The landscape of social-behavioral sciences, particularly psychology, underwent a significant transformation in the early 2010s. A series of events spurred a collective soul-searching within the academic community, raising doubts about the credibility of published research. Studies like the Reproducibility Project in Psychology (RPP) and the Many Labs projects sounded an alarm, highlighting that the literature was not as replicable as once assumed.
In response to this challenge, numerous solutions were proposed to increase the rigor, credibility, and replicability of research findings. These solutions included preregistration, increasing sample sizes, and more open sharing of research materials. However, a counter argument suggested that the low replicability of social-behavioral science findings was an inherent aspect of studying complex phenomena sensitive to numerous variables.
Enter a paper published in Nature Human Behaviour this week, suggesting that high rigor, even in complex social systems, is achievable. The paper reports the outcome of a six-year prospective replication project. Four social-behavioral research labs from the University of California, Santa Barbara (UCSB), Stanford University, the University of California, Berkeley (UC Berkeley), and the University of Virginia committed to adopting several rigor-enhancing practices and replicating each other's novel discoveries. Across 16 novel discoveries, extremely high replicability rates were observed. On average, independent replication effect sizes were 97% the size of the original lab’s confirmatory test. This demonstrates much higher replicability than prior systematic replication projects in which replication effect sizes were about 50% the size of original findings. This paper demonstrates that low replicability of social-behavioral scientific studies is not inevitable; the presumed rigor-enhancing behaviors are indeed associated with high replicability.
The principal investigators of the four labs were Jonathan Schooler of UCSB’s META Lab, Jon Krosnick of Stanford's Political Psychology Research Group, Leif Nelson at UC Berkeley's Haas School of Business, and Brian Nosek, who is affiliated with the University of Virginia and is the Executive Director of the Center for Open Science. John Protzko of UCSB’s META Lab and Central Connecticut State University lead project management of the whole effort.
The adoption of larger samples, preregistration, and transparent sharing of materials and protocols has been on the rise over the past decade, not only in social-behavioral sciences but across various scholarly domains. This paper serves as a proof-of-concept, enabled by the Open Science Framework (OSF) and advocated by the Center for Open Science (COS), that these solutions can indeed enhance replicability.
Moreover, major research stakeholders like journals, funders, and others are embracing policies and incentives to encourage greater rigor and transparency. This trend further accelerates the adoption of these behaviors, fostering a research environment that prioritizes the integrity and credibility of scientific findings.

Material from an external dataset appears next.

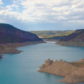 Embalse de Contreras is a reservoir in Cuenca Province, located at the border between Cuenca and Valencia regions. The water stretches across a narrow valley surrounded by rocky hillsides covered in pine forests and sparse vegetation.
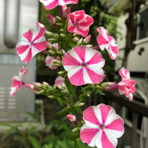 フロックス・ペパーミントツイストです。宿根フロックスは花の少ない季節に咲いてくれますネ。 露地植えだと、どうも上手く育たないので鉢植えにしてます。

Even though the extent to which these behaviors have benefits across a variety of research domains and methodologies remains unclear, the study implemented a "kitchen sink" approach, combining multiple behaviors to assess whether high replicability was attainable in principle.
As the metascience community continues to evaluate the benefits of open practices, it will become clearer how each specific behavior contributes and where their limitations lie in enhancing research credibility. Establishing replicability, after all, does not directly guarantee validity or importance. A highly replicable finding could still be flawed due to confounding variables or misinterpretation of evidence. Likewise, it could be highly replicable but ultimately trivial, offering little value in advancing research.
Scientists have identified challenges to the credibility of research findings, proposed solutions to improve, and adopted many of those solutions in practice. This paper suggests that these reforms are on the right track. The solutions proposed offer promising avenues for improving the scientific process, but the journey towards better research practices is an ongoing one, with further exploration and evaluation needed to unlock their full potential and to identify their limitations, and even counterproductive impacts. With an active metascience movement interrogating these questions, we are confident that a more robust, transparent, and reliable scientific landscape is within reach.